ABOUT THIS TASK
Starting at the first line below, copy through to the last line exactly.

SUPPLIED DATA
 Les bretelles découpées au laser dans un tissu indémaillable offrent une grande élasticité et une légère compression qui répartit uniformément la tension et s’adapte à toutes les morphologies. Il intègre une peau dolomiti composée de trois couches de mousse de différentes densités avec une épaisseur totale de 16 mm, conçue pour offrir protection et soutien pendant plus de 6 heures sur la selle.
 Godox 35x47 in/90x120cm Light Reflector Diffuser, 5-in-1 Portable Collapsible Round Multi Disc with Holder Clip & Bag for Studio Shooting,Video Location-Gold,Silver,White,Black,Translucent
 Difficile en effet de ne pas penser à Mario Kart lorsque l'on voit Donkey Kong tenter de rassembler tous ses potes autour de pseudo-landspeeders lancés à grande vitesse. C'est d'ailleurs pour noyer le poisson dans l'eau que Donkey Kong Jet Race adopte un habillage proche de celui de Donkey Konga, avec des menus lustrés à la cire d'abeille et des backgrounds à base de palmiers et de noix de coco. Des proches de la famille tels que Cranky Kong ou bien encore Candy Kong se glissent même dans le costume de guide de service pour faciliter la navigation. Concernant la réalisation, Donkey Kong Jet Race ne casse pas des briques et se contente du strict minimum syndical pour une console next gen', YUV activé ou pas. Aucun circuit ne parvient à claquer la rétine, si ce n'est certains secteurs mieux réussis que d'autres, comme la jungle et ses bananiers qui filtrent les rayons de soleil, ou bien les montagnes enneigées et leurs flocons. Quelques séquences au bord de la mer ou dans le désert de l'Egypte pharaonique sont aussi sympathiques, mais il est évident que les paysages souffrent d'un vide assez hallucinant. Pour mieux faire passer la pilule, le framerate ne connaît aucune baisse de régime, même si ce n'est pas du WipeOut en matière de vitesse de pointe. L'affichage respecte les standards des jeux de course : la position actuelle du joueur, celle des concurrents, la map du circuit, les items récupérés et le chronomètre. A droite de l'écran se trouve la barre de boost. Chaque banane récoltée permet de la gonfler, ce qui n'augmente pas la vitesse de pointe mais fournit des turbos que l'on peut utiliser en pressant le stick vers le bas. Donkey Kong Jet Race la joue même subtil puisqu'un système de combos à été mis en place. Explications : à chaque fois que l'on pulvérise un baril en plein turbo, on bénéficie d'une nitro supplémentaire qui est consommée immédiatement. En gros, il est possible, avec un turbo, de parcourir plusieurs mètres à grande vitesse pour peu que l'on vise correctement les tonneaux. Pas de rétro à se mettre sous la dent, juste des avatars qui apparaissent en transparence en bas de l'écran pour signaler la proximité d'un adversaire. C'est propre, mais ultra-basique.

COMPLETED TASK
 Les bretelles découpées au laser dans un tissu indémaillable offrent une grande élasticité et une légère compression qui répartit uniformément la tension et s’adapte à toutes les morphologies. Il intègre une peau dolomiti composée de trois couches de mousse de différentes densités avec une épaisseur totale de 16 mm, conçue pour offrir protection et soutien pendant plus de 6 heures sur la selle.
 Godox 35x47 in/90x120cm Light Reflector Diffuser, 5-in-1 Portable Collapsible Round Multi Disc with Holder Clip & Bag for Studio Shooting,Video Location-Gold,Silver,White,Black,Translucent
 Difficile en effet de ne pas penser à Mario Kart lorsque l'on voit Donkey Kong tenter de rassembler tous ses potes autour de pseudo-landspeeders lancés à grande vitesse. C'est d'ailleurs pour noyer le poisson dans l'eau que Donkey Kong Jet Race adopte un habillage proche de celui de Donkey Konga, avec des menus lustrés à la cire d'abeille et des backgrounds à base de palmiers et de noix de coco. Des proches de la famille tels que Cranky Kong ou bien encore Candy Kong se glissent même dans le costume de guide de service pour faciliter la navigation. Concernant la réalisation, Donkey Kong Jet Race ne casse pas des briques et se contente du strict minimum syndical pour une console next gen', YUV activé ou pas. Aucun circuit ne parvient à claquer la rétine, si ce n'est certains secteurs mieux réussis que d'autres, comme la jungle et ses bananiers qui filtrent les rayons de soleil, ou bien les montagnes enneigées et leurs flocons. Quelques séquences au bord de la mer ou dans le désert de l'Egypte pharaonique sont aussi sympathiques, mais il est évident que les paysages souffrent d'un vide assez hallucinant. Pour mieux faire passer la pilule, le framerate ne connaît aucune baisse de régime, même si ce n'est pas du WipeOut en matière de vitesse de pointe. L'affichage respecte les standards des jeux de course : la position actuelle du joueur, celle des concurrents, la map du circuit, les items récupérés et le chronomètre. A droite de l'écran se trouve la barre de boost. Chaque banane récoltée permet de la gonfler, ce qui n'augmente pas la vitesse de pointe mais fournit des turbos que l'on peut utiliser en pressant le stick vers le bas. Donkey Kong Jet Race la joue même subtil puisqu'un système de combos à été mis en place. Explications : à chaque fois que l'on pulvérise un baril en plein turbo, on bénéficie d'une nitro supplémentaire qui est consommée immédiatement. En gros, il est possible, avec un turbo, de parcourir plusieurs mètres à grande vitesse pour peu que l'on vise correctement les tonneaux. Pas de rétro à se mettre sous la dent, juste des avatars qui apparaissent en transparence en bas de l'écran pour signaler la proximité d'un adversaire. C'est propre, mais ultra-basique.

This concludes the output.